**Your task:** Take the lines below from the one with "ACIMA: A estação" through the one with "佩列申科·斯维亚托斯拉夫主任为线上及线下" and retype them exactly. Include nothing else, and no pictures.

**Supplied entries:**
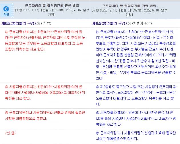 이에 따라 △노사협의회의 근로자위원 선출 시 근로자 과반수 참여 △선출 과정에서 직접·비밀·무기명 투표 원칙을 명시하는 등의 내용을 담은 개정 근참법이 지난 6월 통과돼 12월 11일 시행을 앞두고 있다.
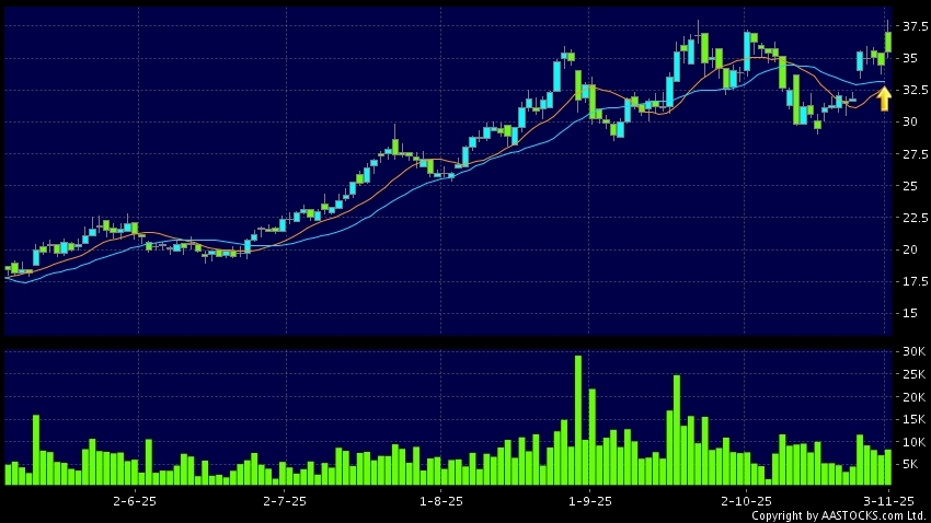黄金交叉是一个利好讯号,指股价的短期移动平均线升穿长期移动平均线,例如50天线升穿250天线,在图表上构成交叉的形状。股价通常会上升形成一个上升趋势,技术走势向好。(港股报价延迟最少十五分钟。沽空资料截至 2025-11-03 16:25。)
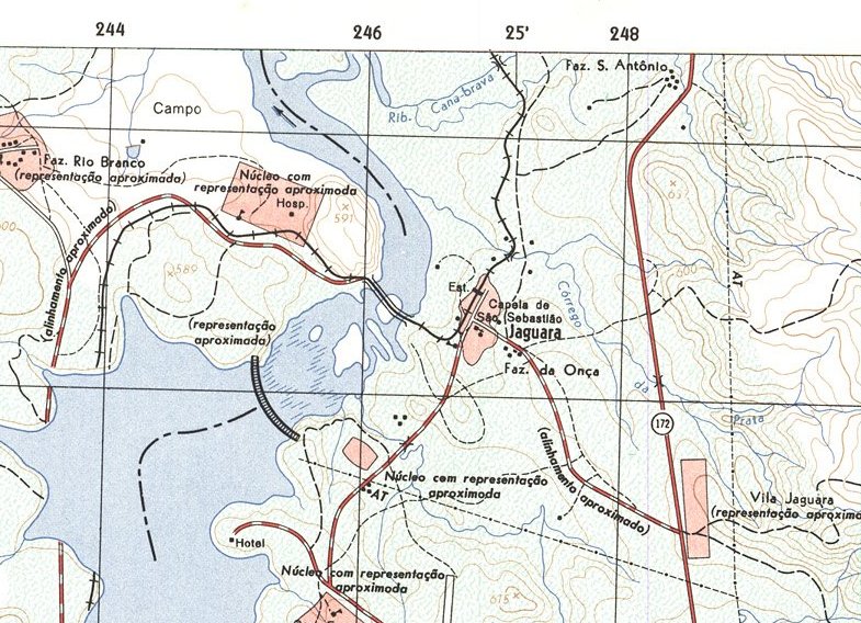 ACIMA: A estação de Jaguara, no centro do mapa dos anos 1970. Notar a linha de Mogiana com os pedaços fora da represa - que já a havia sido inundada em 1970 - ver canto esquerdo inferior do mapa e, depois, continunado mais para cima, à esquerda e aí atravessando o rio Grande (a ponte se manteve, mas inoperante) e chegando à estação. Dali para a frente a linha ainda seguiu funcionando até 1976 - CLIQUE SOBRE A FIGURA PARA VÊ-LA MAIOR - (IBGE).
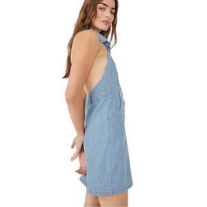NWT Free People Sami Mini Dress Denim Blue Dress Halter Open Back Button Down L
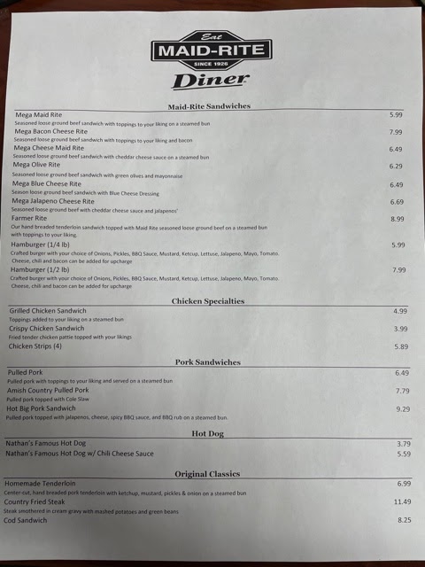 Maid-Rite Menu
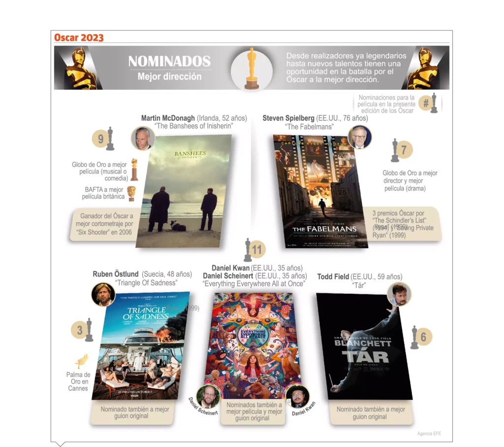 Agencias.-La carrera por el Óscar a la mejor dirección se resolverá este domingo, pero ya parece contar con claros favoritos, un dos contra uno entre Daniel Kwan y Daniel Scheinert por la sorpresa de la temporada, “Eveything Eveywhere All at Once”, y Steven Spielberg por su personalísima “The Fabelmans".
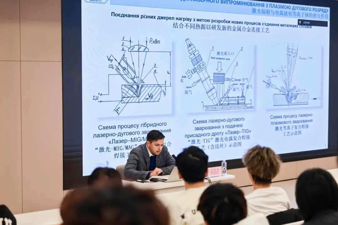 佩列申科·斯维亚托斯拉夫主任为线上及线下师生作了题为《金属合金的等离子弧与激光复合焊接技术》的精彩学术报告。 他系统阐述了激光辐射与电弧放电等离子体相互作用的物理机制,全面梳理了激光等离子复合焊接工艺的研究现状与发展趋势,重点分析了该技术中协同效应的具体体现特征,深入探讨了不同焊接条件对钢焊接接头微观组织与力学性能的影响规律,并揭示了焊接过程中应力变形状态的形成机理。最后,佩列申科·斯维亚托斯拉夫主任还分享了其在激光等离子复合焊接设备研发方面的最新进展与工程实践经验。在场师生踊跃提问,就复合焊接的热源匹配等关键技术问题与佩列申科·斯维亚托斯拉夫主任进行了深入的交流与探讨,现场学术氛围浓厚。
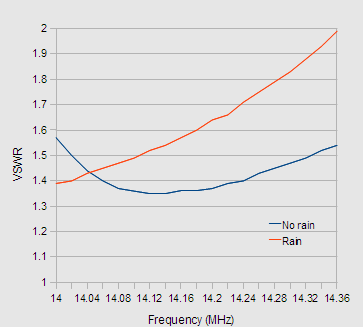 From time to time, Hexbeam users report that their VSWR appears to rise after a period of rain. I have not noticed the effect myself (despite living in UK!) and had not given the matter much thought until Leo K4KIO pointed me in the direction of an Antennex article written by YU1AW in which he attempted to model the effects of rain on VHF antennas. YU1AW assumed that the water would behave as a uniform dielectric surrounding the antenna conductors, and he modelled the effect the dielectric would produce on antenna performance. Although some of YU1AW's assumed dielectric parameters for the rain are open to challenge, the underlying principles might well explain the observed shifts in Hexbeam VSWR.

**The answer:**
 ACIMA: A estação de Jaguara, no centro do mapa dos anos 1970. Notar a linha de Mogiana com os pedaços fora da represa - que já a havia sido inundada em 1970 - ver canto esquerdo inferior do mapa e, depois, continunado mais para cima, à esquerda e aí atravessando o rio Grande (a ponte se manteve, mas inoperante) e chegando à estação. Dali para a frente a linha ainda seguiu funcionando até 1976 - CLIQUE SOBRE A FIGURA PARA VÊ-LA MAIOR - (IBGE).
NWT Free People Sami Mini Dress Denim Blue Dress Halter Open Back Button Down L
 Maid-Rite Menu
 Agencias.-La carrera por el Óscar a la mejor dirección se resolverá este domingo, pero ya parece contar con claros favoritos, un dos contra uno entre Daniel Kwan y Daniel Scheinert por la sorpresa de la temporada, “Eveything Eveywhere All at Once”, y Steven Spielberg por su personalísima “The Fabelmans".
 佩列申科·斯维亚托斯拉夫主任为线上及线下师生作了题为《金属合金的等离子弧与激光复合焊接技术》的精彩学术报告。 他系统阐述了激光辐射与电弧放电等离子体相互作用的物理机制,全面梳理了激光等离子复合焊接工艺的研究现状与发展趋势,重点分析了该技术中协同效应的具体体现特征,深入探讨了不同焊接条件对钢焊接接头微观组织与力学性能的影响规律,并揭示了焊接过程中应力变形状态的形成机理。最后,佩列申科·斯维亚托斯拉夫主任还分享了其在激光等离子复合焊接设备研发方面的最新进展与工程实践经验。在场师生踊跃提问,就复合焊接的热源匹配等关键技术问题与佩列申科·斯维亚托斯拉夫主任进行了深入的交流与探讨,现场学术氛围浓厚。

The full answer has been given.